> **WORK INSTRUCTIONS**
Pictures left aside, return the lines below exactly, from the one with "To use the cargo" to the end, including both ends.
SUPPLIED DATA section start
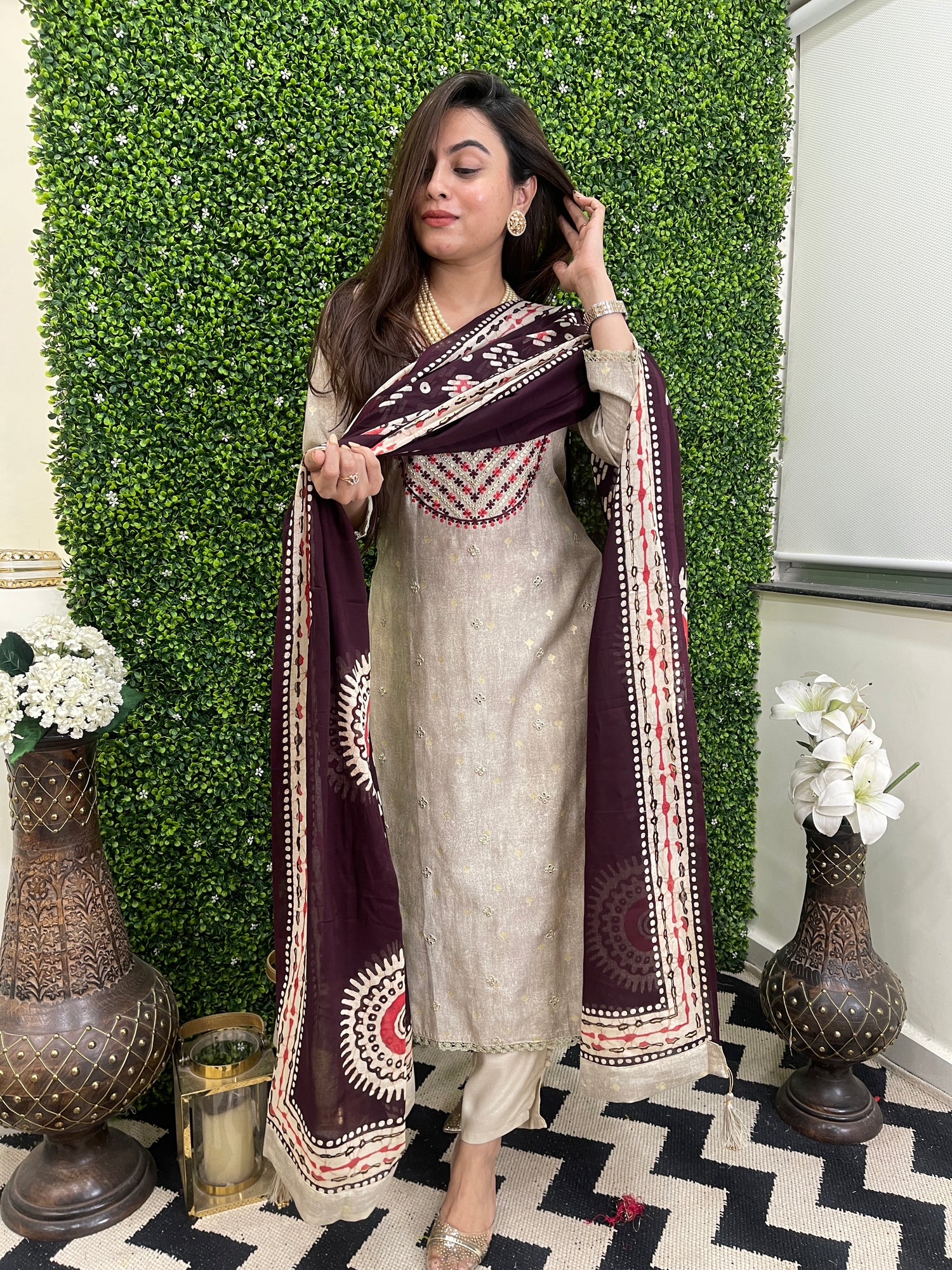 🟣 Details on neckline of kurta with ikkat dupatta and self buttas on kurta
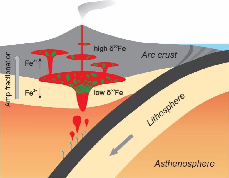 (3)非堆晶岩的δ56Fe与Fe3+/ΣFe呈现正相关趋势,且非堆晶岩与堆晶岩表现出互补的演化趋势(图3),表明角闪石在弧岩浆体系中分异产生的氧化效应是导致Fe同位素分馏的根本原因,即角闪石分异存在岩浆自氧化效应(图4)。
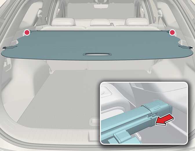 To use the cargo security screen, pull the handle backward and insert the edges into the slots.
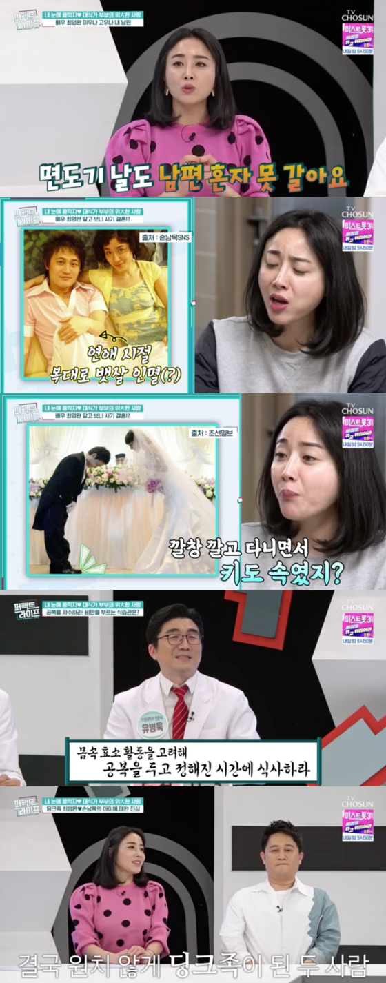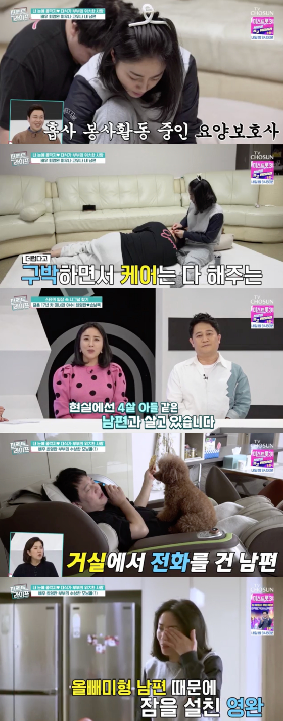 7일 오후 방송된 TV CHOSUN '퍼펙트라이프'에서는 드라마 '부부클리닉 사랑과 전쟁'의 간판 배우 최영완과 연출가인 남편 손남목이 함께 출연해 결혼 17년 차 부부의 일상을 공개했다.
SUPPLIED DATA section end
> **SOLUTION TO THIS PROBLEM**
 To use the cargo security screen, pull the handle backward and insert the edges into the slots.
 7일 오후 방송된 TV CHOSUN '퍼펙트라이프'에서는 드라마 '부부클리닉 사랑과 전쟁'의 간판 배우 최영완과 연출가인 남편 손남목이 함께 출연해 결혼 17년 차 부부의 일상을 공개했다.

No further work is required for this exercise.